Welcome to Aggregate Supply! You've mastered Aggregate Demand, now let's explore the production side of the economy.
Aggregate Supply (AS) shows the total quantity of goods and services firms are willing to produce at different price levels.
Engagement Message
What do you think happens to production when prices rise?
The Short-Run Aggregate Supply (SRAS) curve slopes upward. When prices rise, businesses produce more because they can earn higher profits.
Unlike AD, which slopes down, SRAS slopes up - higher prices encourage more production.
Engagement Message
In one sentence, why would higher prices motivate businesses to produce more?
Here's the key: in the short run, some production costs are "sticky" - they don't change immediately when prices rise.

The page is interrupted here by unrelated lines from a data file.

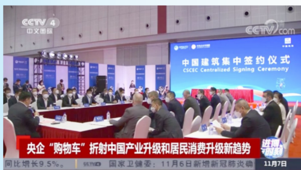
中央广播电视总台报道中国建筑与一批海外供货商签署战略合作协议

素材来源：项目履约管理部，中建一局，中建二局，中建三局，中建五局，中建八局，中建发展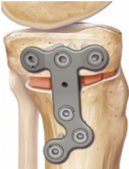
Open wig (vooraanzicht): bot wordt vastgezet met metalen plaat en schroeven.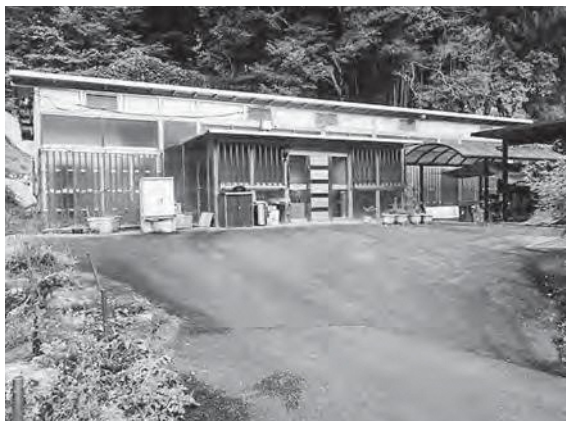
かわうちラボ空き家・空き地バンク登録物件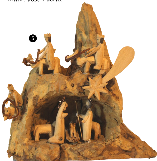
5. Portugal. Madera de olivo tallada. Autor: José Matos.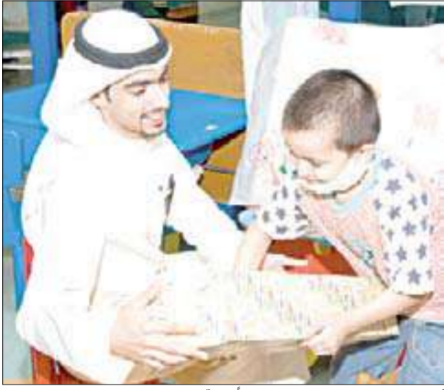
أحد موظفي البنك الوطني يعطي طفلاً هدية العيد

المكان مستشفى بنك الكويت الوطني ومستشفى ابن سينا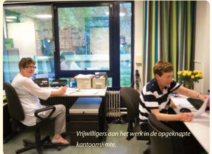
Vrijwilligers aan het werk in de opgeknapte kantoorruimte.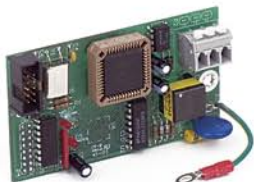
2XX-AB Tarjeta opcional Allen-Bradley®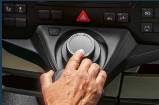
Innovativer MAN SmartSelect zur Bedienung der Multimediasysteme.

Dieser wird in beiden Fahrzeugen perfekt genutzt, um Stauraum und Ablagen zu integrieren, die die Ordnung im Fahrerhaus vereinfachen. Seien es die Dachablagen über der Frontscheibe oder die verschiedenen Ablagemöglichkeiten im Mittelbereich oder am Beifahrersitz.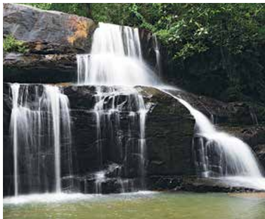
น้ำตกปางสีดา

ช่วยพัฒนาจัดตั้งขึ้นเป็นโรงเรียนฝึกกระบือเพื่อช่วยในการทำเกษตรกรรมแบบดั้งเดิม พื้นที่โรงเรียน ๑๑๐ ไร่ ๓ งาน ๘๑ ตารางวา แบ่งกิจกรรมออกเป็น ๗ ส่วน ประกอบด้วย การอบรมเกษตรกรและการฝึกกระบือนิทรศาสตร์ เครื่องมือการทำนา แปลงนาหญ้า อาหารสัตว์ บ้านพักนักปราชญ์ท้องถิ่น สระมะรุ้ม ล้อมรั้ว ต้นไม้ในโรงเรียนกาสรกสิวิทย์ ร้านควายคานอง คอกควาย สูดท้ายเป็นบ้านดิน ซึ่งเป็นที่พักของผู้เข้ารับการอบรมและเป็นต้นแบบที่อยู่อาศัยจริง สอบถามข้อมูลเพิ่มเติมได้ที่ โทร. ๐๘ ๘๕๒๔ ๗๗๕๕, ๐๘ ๖๐๔๕ ๒๔๖๓ (มีบริการห้องสุขาและทางลาดสำหรับผู้พิการ)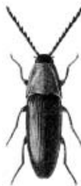
Pragtsmælder - Ischnodes sanguinicollis

planløber • — Olisthopus rotundatus planløbere — Olisthopus plasterbiller — Meloidae plasterbiller og oliebiller se plasterbiller plebejisk metalløber se plebejisk ovalløber plebejisk ovalløber • — Amara plebeja pletbukke se gråbukke plethornet løvsnudebille 1 plettet askebarkbille — Hylesinus fraxini plettet barkbuk se mørkbåndet gråbuk plettet blomsterbuk se sydlig blomsterbuk plettet dværgsmælder — Oedostethus quadripustulatus plettet skjoldbille — Cassida nebulosa plettet smalbuk se sydlig blomsterbuk og blodrød blomsterbuk. plettet smalløber se klitsmalløber plettet springvandkalv • — Laccophilus hyalinus plettet sumpvandkalv se plettet springvandkalv plettet tømmerbuk 2 plettet vandtræder — Peltodytes caesus plettet vædderbuk se sortgrå hvepsebuk plump metalløber se plump ovalløber plump ovalløber • — Amara ingenua polarløber • — Miscodera arctica polarløbere — Miscodera poppelbladbiller — Chrysomela populi poppelbuk — Saperda carcharias poppelbukke se kravebukke poppelens bladbiller se poppelbladbiller poppelglansbille se poppelbladbiller poppelguldbille se rækkepunkteret guldbille poppelloppe 3 pragtbilleagtig skovbuk se valsebuk pragtbiller — Buprestidae pragtløbere — Carabus pragtsmælder • — Ischnodes sanguinicollis pragtsumpløber — Badister unipustulatus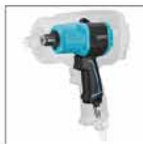
9013MTT w porównaniu do 9013TT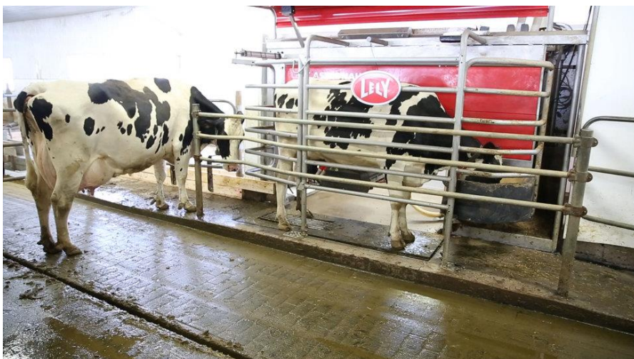
Bilde 3 - Ku spiser fra kraftfôrstasjon i melkerobot, Lely

Det er ønsket om kraftfôr og opplevd behov for å bli melket som skal lokke kua inn i melkeroboten. Dersom kua har fått dagsrasjonen sin får den ikke mer. Den får heller ikke kraftfôr dersom den ikke har melketillatelse. Kua vil bli avvist hvis den kommer for tidlig tilbake til melking da det er minimumsintervall mellom hver melking. De ulike robotene kommer med ulikt «tilbehør» som kan kjøpes til, som for eksempel en vekt som veier kua. Når kua er på plass lokaliseres spenene av et kamera og en robotarm kommer inn fra siden og beveger seg under kua (bilde 4).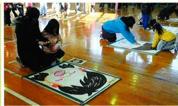
家族と一緒に「昔の遊び」を楽しむ会を行いました。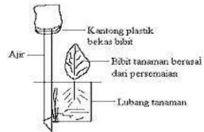
Gambar 3.1. Penanaman dengan menggunakan bibit

Saat penanaman sebaiknya polybag jangan dilepas, tetapi hanya dirobek bagian bawahnya saja supaya media tanam yang berupa lumpur tidak terlepas. Adapun contoh penanaman seperti gambar berikut 3.1: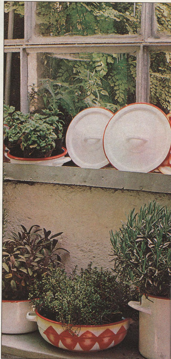
66 Neobvyklé vegetační nádoby

Sticky wages are the biggest example. Worker contracts often lock in wages for months or years.
Engagement Message
If your wage is fixed but prices rise 5%, are you better or worse off?
When output prices rise but wages stay fixed, businesses see higher profit margins. This motivates them to hire more workers and increase production.
But there's a limit! At some point, all resources are fully employed and output can't increase further.
Engagement Message
What happens when every available worker is already employed?
Potential output (or full employment output) is the maximum sustainable production level. It's where the economy naturally gravitates in the long run.
The SRAS curve gets steeper as we approach potential output because resources become scarce.
Engagement Message
What resource constraints might limit production even with higher prices?